Aquila (ACK-will-uh) the Eagle is the last constellation that forms part of the Summer Triangle.  Its brightest star Altair (al – TARE) lies southwest of Deneb (DEN – ebb) within the cloud of the Milky Way.  Altair has a magnitude of 0.75 so it is very bright in the night sky.  Altair is very bright because it is fairly close to our solar system, only sixteen light years distant.  It is also a hotter, more luminous star than our sun.  Altair is a type A  star eleven times brighter than the sun.  The next two brightest stars in Aquila are Tarazed (TAR-a-zed) and Alshain (al-SHAIN). These two stars lie to the west and east of Altair respectively.  However, while Altair shines at a brilliant 0.75 magnitude, Tarazed and Alshain are only magnitude 2 and 3.  Under light polluted skies these two stars may be almost invisible, but under dark skies they will be fairly obvious so close to Altair.

Aquila was the focus of much attention on June 8, 1918.  A brilliant nova suddenly lit up the sky.  Over a period of several hours the nova had become brighter than the star Sirius in the winter sky.  This nova was the brightest “new star” since the great supernova of 1604.  The difference between a nova and a supernova has nothing to do with brightness but rather in process.  A supernova is the violent explosion of a massive star that has reached the end of its life.  A nova is a flaring of the outer layers of a star or the flashing of gases as one star spills material onto a companion.  A super nova is generally a one time event, while a nova can occur periodically.

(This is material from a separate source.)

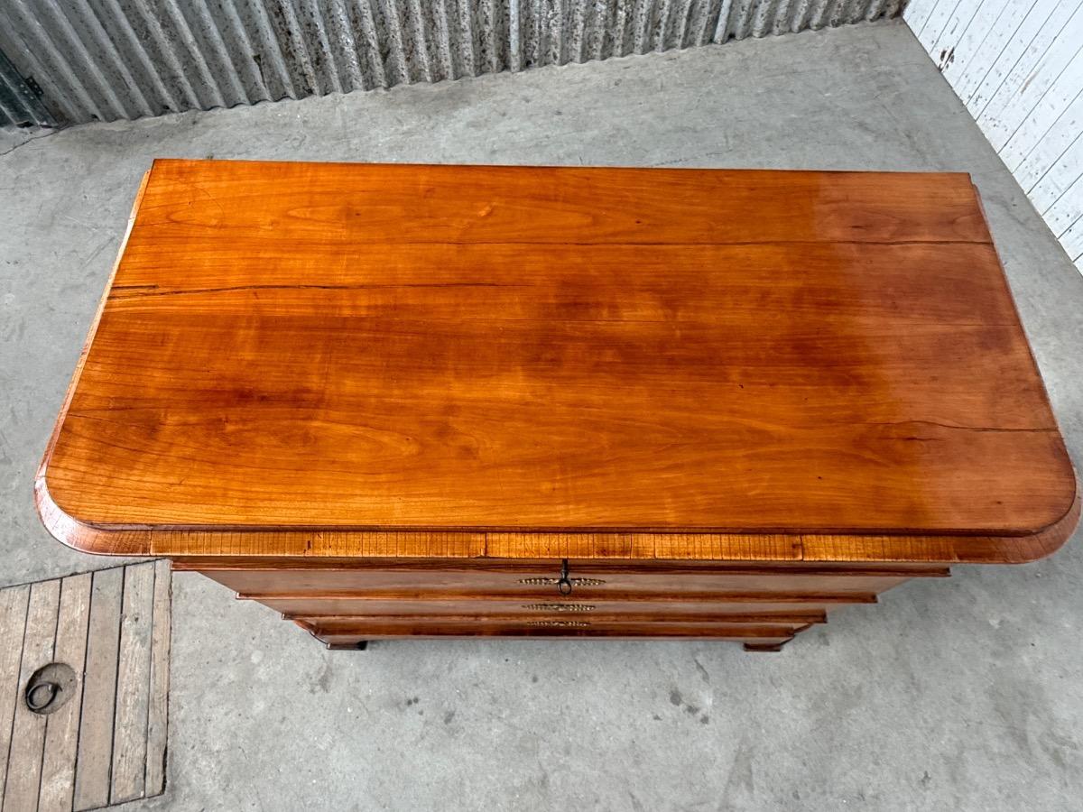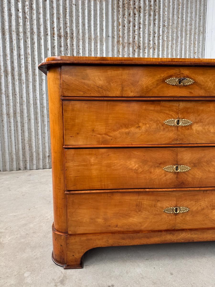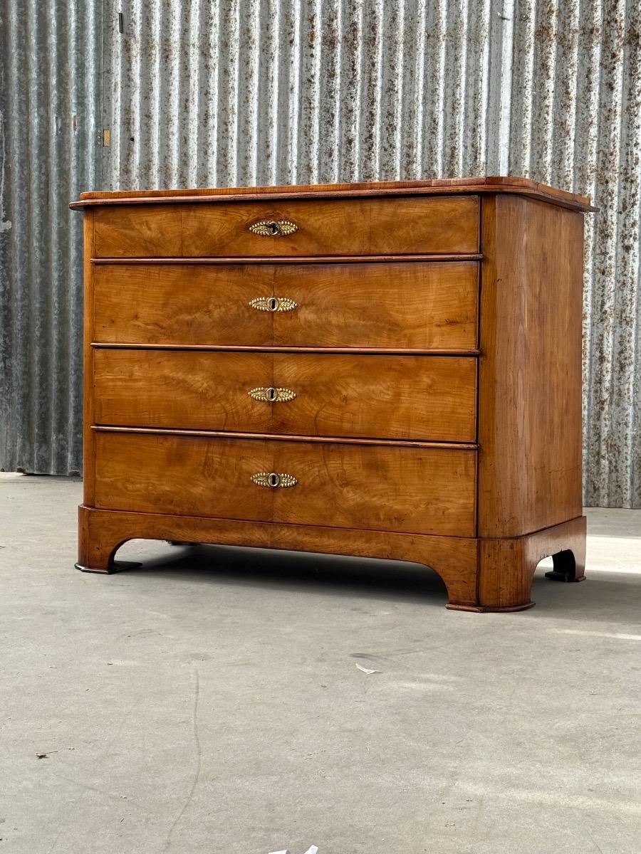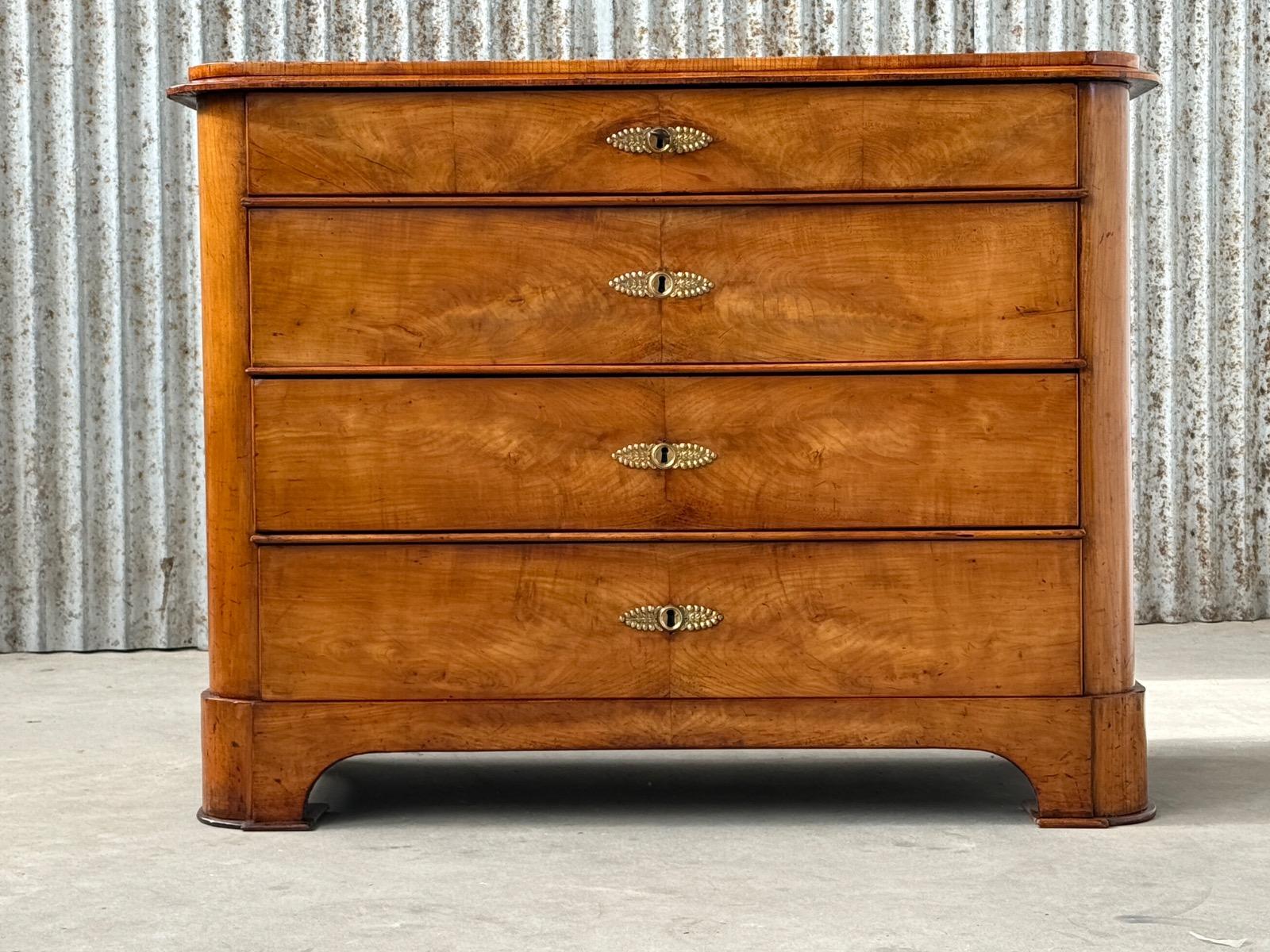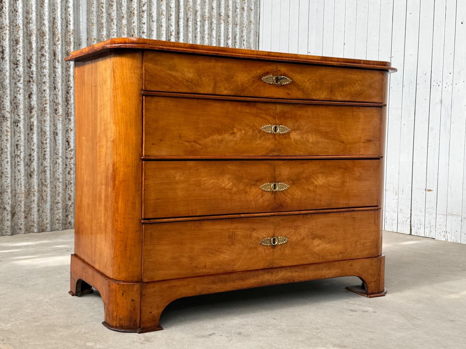 Duits Biedermeier kersen commode. 4 laden, onder het gepolitoerde dek met afgeschuinde rand. Stevige ronde hoeken, zijden zonder scheuren. Geheel op stevige kenmerkende Biedermeier poten. Messing beslag, werkende sloten met sleutels. Duitsland, omstreeks 1810-1840. Afm: H= 94 cm. B= 115 - 123 cm. (smalst- breedst) D= 53 - 56 cm. (ondiepst-diepst) Recent grondig nagelopen op losse delen van constructie en fineer, de oppervlakte afwerking op kleur en glans. Houtworm controle: Geen levende houtworm aangetroffen op 25/8/2025 Comm-2715~
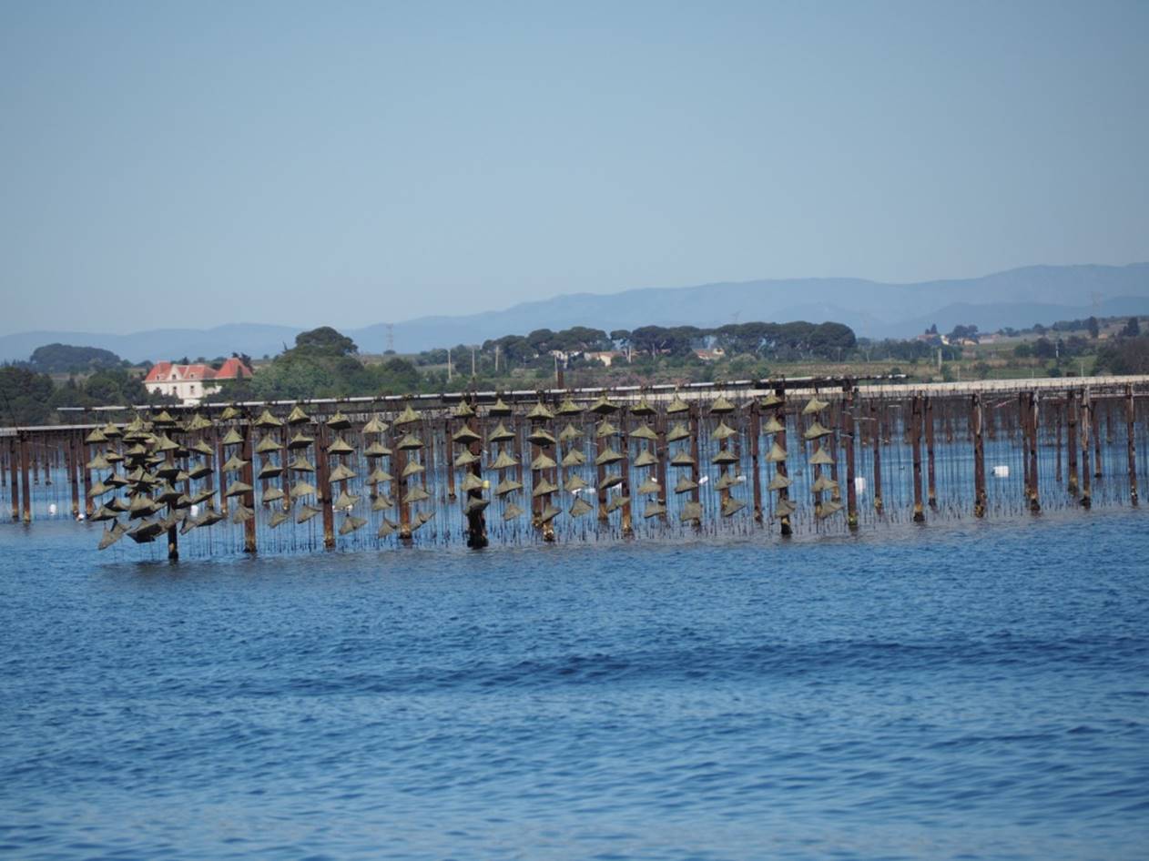 Ровно в 8:30 мост (точнее его автомобильная часть) поднялась, и можно было пройти. Далее по пути был город Сет, докатились до оного на велосипеде. Тут пришлось провести остаток дня, поскольку был сильный ветер, а прохождение озера с устричными фермами на тихоходных лодках в сильный ветер запрещено.

For those looking for a less obvious constellation, one whose name may be obscure, scan the sky in the region between Cygnus (SIG-nus) the Swan and Aquila.  Here we find the small, faint constellations Delphinus (del-FIN-us) the Dolphin.  Delphinus is a neat little diamond shape that is easy to pick out under moderately dark skies.

September offers a wonderful target in Cygnus to deep sky observers looking for a challenge.  Just eight degrees south of Alberio (al-BEER-e-oh) is M27, the Dumbbell Nebula.  This is a classic example of a planetary nebula, the outer layers of a mid-sized star that have been gently puffed out into space.  M27 is a close planetary nebula (relatively speaking) at a distance of only 1000 light years.  Dark, steady skies and a good star chart or computer program will be necessary to spot the faint wisps of gas expelled from the dying star.  A small telescope should reveal the distinct structure of this deep sky gem.

The skies of fall are typically dark with very few bright stars.  Yet the bright stars of the Summer Triangle are still in prime positions near the zenith to offer good observing.  The moderating of temperatures should reduce the turbulence caused by convection.  This should make binocular and telescope observing easier.  And Aquila’s positioning in the Milky Way makes it a great place to look for deep sky objects.